Bijgevolg moet de grief worden verworpen waarmee rekwirantes aanvoeren dat het Gerecht artikel 3, leden 6 en 7, van de basisverordening heeft geschonden omdat het er geen rekening mee heeft gehouden dat bij 37,4 % van de verkopen van de in de steekproef opgenomen Unieproducenten geen sprake was van prijsonderbieding, aangezien rekwirantes ten onrechte van oordeel zijn dat er voor dit percentage van deze verkopen geen sprake is van onderbieding en de Commissie door toepassing van de PCN-methode een aanzienlijke prijsonderbieding heeft vastgesteld die van grote invloed was op de bedrijfstak van de Unie.

202

Met betrekking tot de grief die is ontleend aan schending van de motiveringsplicht, moet in herinnering worden gebracht dat de ingevolge artikel 36 en artikel 53, eerste alinea, van het Statuut van het Hof van Justitie van de Europese Unie op het Gerecht rustende verplichting om arresten te motiveren, volgens vaste rechtspraak van het Hof niet inhoudt dat het Gerecht bij zijn redenering alle door de partijen bij het geding uiteengezette argumenten een voor een uitputtend dient te behandelen.
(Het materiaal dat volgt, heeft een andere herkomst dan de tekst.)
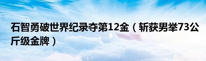 大家好,綜合小編來為大家講解下。石智勇破世界紀錄奪第12金,斬獲男舉73公斤級金牌很多人還不知道,現在讓我們一起來看看吧!

De motivering kan dus impliciet zijn, mits de belanghebbenden de redenen kunnen kennen waarop het Gerecht zich baseert en het Hof over voldoende elementen beschikt om zijn toezicht in het kader van een hogere voorziening uit te oefenen (arrest van 14 september 2016, Trafilerie Meridionali/Commissie, C‑519/15 P, EU:C:2016:682, punt 41 en aldaar aangehaalde rechtspraak).

203

In het onderhavige geval moet, gelet op de motivering in de punten 406 tot en met 425 van het bestreden arrest en de beoordeling in de punten 192 tot en met 201 van het onderhavige arrest, worden vastgesteld dat door deze motivering rekwirantes de redenen konden kennen waarop het Gerecht zich heeft gebaseerd en het Hof zijn toezicht kan uitoefenen. Derhalve moet de grief van rekwirantes met betrekking tot schending van de motiveringsplicht worden afgewezen.

204

Gelet op een en ander moet het vierde middel worden verworpen.

5.   Vijfde middel

a)   Overwegingen vooraf

205

Met hun vijfde middel, dat bestaat uit drie onderdelen, bestrijden rekwirantes de beoordeling van het Gerecht van het derde middel van hun beroep in eerste aanleg dat er betrekking op heeft dat de Commissie hun procedurele waarborgen niet in acht heeft genomen, omdat zij heeft nagelaten om rekwirantes informatie te verstrekken die voor het vaststellen van de dumping en de schade nuttig was.

206

Het tweede en het derde onderdeel van dit vijfde middel betreffen meer bepaald de gegrondheid van de vaststellingen van het Gerecht over de beoordeling van het derde middel van het beroep in eerste aanleg, dat de CCCME in eigen naam had aangevoerd. Zoals is opgemerkt in de punten 48 tot en met 75 en 100 van het onderhavige arrest, beschikte de CCCME echter niet over de procesbevoegdheid om in eigen naam de nietigverklaring van de litigieuze verordening te vorderen. Het tweede en het derde onderdeel van dit vijfde middel zijn dus niet-ontvankelijk.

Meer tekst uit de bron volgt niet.